Sandefur noted, "There is just no way to shine a positive light on this case. I recognize that you came from very humble beginnings. But you did have choices in your life.

Sandefur also noted that the pre-sentencing investigation detailed many charges and convictions for Sanchez dating back more than two decades.

Sandefur told Sanchez that he has to take into consideration several factors for sentencing: accountability, the nature of the crime, the harm he caused, both to the victims and to the community; and on the other hand, the potential for a rehabilitative return to society. 

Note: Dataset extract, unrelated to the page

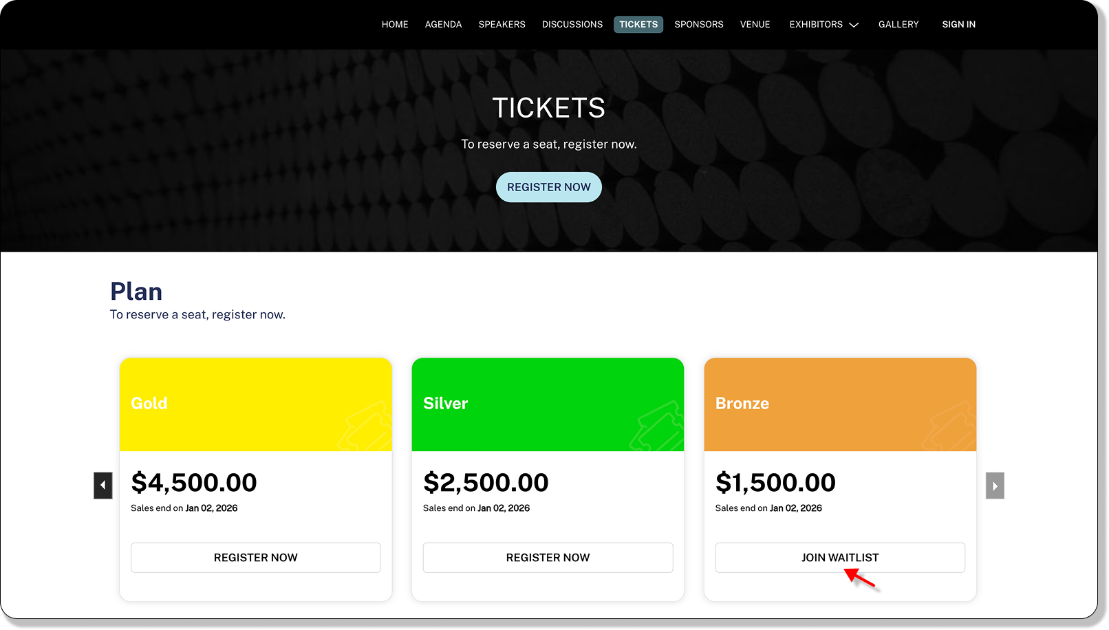 イベントのチケットクラスが上限に達すると、イベントサイトにボタンが表示されます。

In the course of considering those matters, Sandefur said, the court tries to analyze and look at mitigating and aggravating factors in the case, but he concluded that there were absolutely no mitigating factors in this case.

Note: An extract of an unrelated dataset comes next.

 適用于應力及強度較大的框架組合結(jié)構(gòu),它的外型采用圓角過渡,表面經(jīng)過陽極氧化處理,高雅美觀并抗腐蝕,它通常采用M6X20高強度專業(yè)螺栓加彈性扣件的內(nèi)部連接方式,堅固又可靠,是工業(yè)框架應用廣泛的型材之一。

The defense attorney read the following statement from Sanchez: "First of all, I would like to apologize to the community of Great Falls and law enforcement. I want to say I'm sorry to Joe Dunn's children. I can't imagine what you have to go through. To Joe's wife, I apologize. If I could turn back time, I would. If I could change places with your husband, I would."

The defense attorney said that that Sanchez has been working to improve himself, taking courses on self-esteem and Bible study.

The defense attorney argued against life in prison, telling the judge that Sanchez has a "chronic medical condition." 

Robynn Dunn -- Deputy Dunn's widow -- talked about the devastating impact her husband's murder had on her family. She says that the pain is felt every single day, and especially during special moments in the lives of their children.

Cascade County Sheriff Bob Edwards said, "Now that this is over we can stop ripping the bandage off and revisiting it. We will never forget Joe and we'll never forget what happened and his memory will live on, but now it's time to start a new chapter for all of us and just move on the best we can and find that normalcy."